### What you are asked to do
All entries below are to be copied precisely as they appear.

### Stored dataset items
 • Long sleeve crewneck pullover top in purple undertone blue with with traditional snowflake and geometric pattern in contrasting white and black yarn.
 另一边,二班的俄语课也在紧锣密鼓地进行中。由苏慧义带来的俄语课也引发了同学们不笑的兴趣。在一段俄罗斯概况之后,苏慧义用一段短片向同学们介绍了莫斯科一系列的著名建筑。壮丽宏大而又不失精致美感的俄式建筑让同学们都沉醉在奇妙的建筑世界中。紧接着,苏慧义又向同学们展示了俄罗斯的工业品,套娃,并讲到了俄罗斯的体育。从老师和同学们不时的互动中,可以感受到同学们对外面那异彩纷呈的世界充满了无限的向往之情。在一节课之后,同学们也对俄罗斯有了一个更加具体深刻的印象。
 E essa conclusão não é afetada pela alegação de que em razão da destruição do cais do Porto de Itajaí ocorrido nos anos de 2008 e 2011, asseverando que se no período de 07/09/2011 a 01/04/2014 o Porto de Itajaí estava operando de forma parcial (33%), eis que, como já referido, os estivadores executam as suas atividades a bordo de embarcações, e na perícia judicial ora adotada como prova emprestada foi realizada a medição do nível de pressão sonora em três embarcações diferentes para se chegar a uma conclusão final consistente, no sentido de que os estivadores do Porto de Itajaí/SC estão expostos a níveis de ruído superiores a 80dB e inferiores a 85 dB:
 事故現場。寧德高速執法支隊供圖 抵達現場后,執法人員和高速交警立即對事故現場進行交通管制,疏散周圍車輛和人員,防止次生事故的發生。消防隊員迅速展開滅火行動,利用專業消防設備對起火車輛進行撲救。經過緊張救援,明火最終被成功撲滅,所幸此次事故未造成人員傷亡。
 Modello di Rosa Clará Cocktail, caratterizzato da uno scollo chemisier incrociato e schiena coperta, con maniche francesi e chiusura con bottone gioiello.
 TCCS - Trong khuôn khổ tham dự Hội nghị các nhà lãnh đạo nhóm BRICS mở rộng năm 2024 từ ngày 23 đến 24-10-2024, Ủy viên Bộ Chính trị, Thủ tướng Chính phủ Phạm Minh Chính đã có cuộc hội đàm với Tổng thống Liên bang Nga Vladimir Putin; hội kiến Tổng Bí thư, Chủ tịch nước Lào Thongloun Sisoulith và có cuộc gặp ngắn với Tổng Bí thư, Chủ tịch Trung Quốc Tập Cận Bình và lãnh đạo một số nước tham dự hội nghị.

### Response
 • Long sleeve crewneck pullover top in purple undertone blue with with traditional snowflake and geometric pattern in contrasting white and black yarn.
 另一边,二班的俄语课也在紧锣密鼓地进行中。由苏慧义带来的俄语课也引发了同学们不笑的兴趣。在一段俄罗斯概况之后,苏慧义用一段短片向同学们介绍了莫斯科一系列的著名建筑。壮丽宏大而又不失精致美感的俄式建筑让同学们都沉醉在奇妙的建筑世界中。紧接着,苏慧义又向同学们展示了俄罗斯的工业品,套娃,并讲到了俄罗斯的体育。从老师和同学们不时的互动中,可以感受到同学们对外面那异彩纷呈的世界充满了无限的向往之情。在一节课之后,同学们也对俄罗斯有了一个更加具体深刻的印象。
 E essa conclusão não é afetada pela alegação de que em razão da destruição do cais do Porto de Itajaí ocorrido nos anos de 2008 e 2011, asseverando que se no período de 07/09/2011 a 01/04/2014 o Porto de Itajaí estava operando de forma parcial (33%), eis que, como já referido, os estivadores executam as suas atividades a bordo de embarcações, e na perícia judicial ora adotada como prova emprestada foi realizada a medição do nível de pressão sonora em três embarcações diferentes para se chegar a uma conclusão final consistente, no sentido de que os estivadores do Porto de Itajaí/SC estão expostos a níveis de ruído superiores a 80dB e inferiores a 85 dB:
 事故現場。寧德高速執法支隊供圖 抵達現場后,執法人員和高速交警立即對事故現場進行交通管制,疏散周圍車輛和人員,防止次生事故的發生。消防隊員迅速展開滅火行動,利用專業消防設備對起火車輛進行撲救。經過緊張救援,明火最終被成功撲滅,所幸此次事故未造成人員傷亡。
 Modello di Rosa Clará Cocktail, caratterizzato da uno scollo chemisier incrociato e schiena coperta, con maniche francesi e chiusura con bottone gioiello.
 TCCS - Trong khuôn khổ tham dự Hội nghị các nhà lãnh đạo nhóm BRICS mở rộng năm 2024 từ ngày 23 đến 24-10-2024, Ủy viên Bộ Chính trị, Thủ tướng Chính phủ Phạm Minh Chính đã có cuộc hội đàm với Tổng thống Liên bang Nga Vladimir Putin; hội kiến Tổng Bí thư, Chủ tịch nước Lào Thongloun Sisoulith và có cuộc gặp ngắn với Tổng Bí thư, Chủ tịch Trung Quốc Tập Cận Bình và lãnh đạo một số nước tham dự hội nghị.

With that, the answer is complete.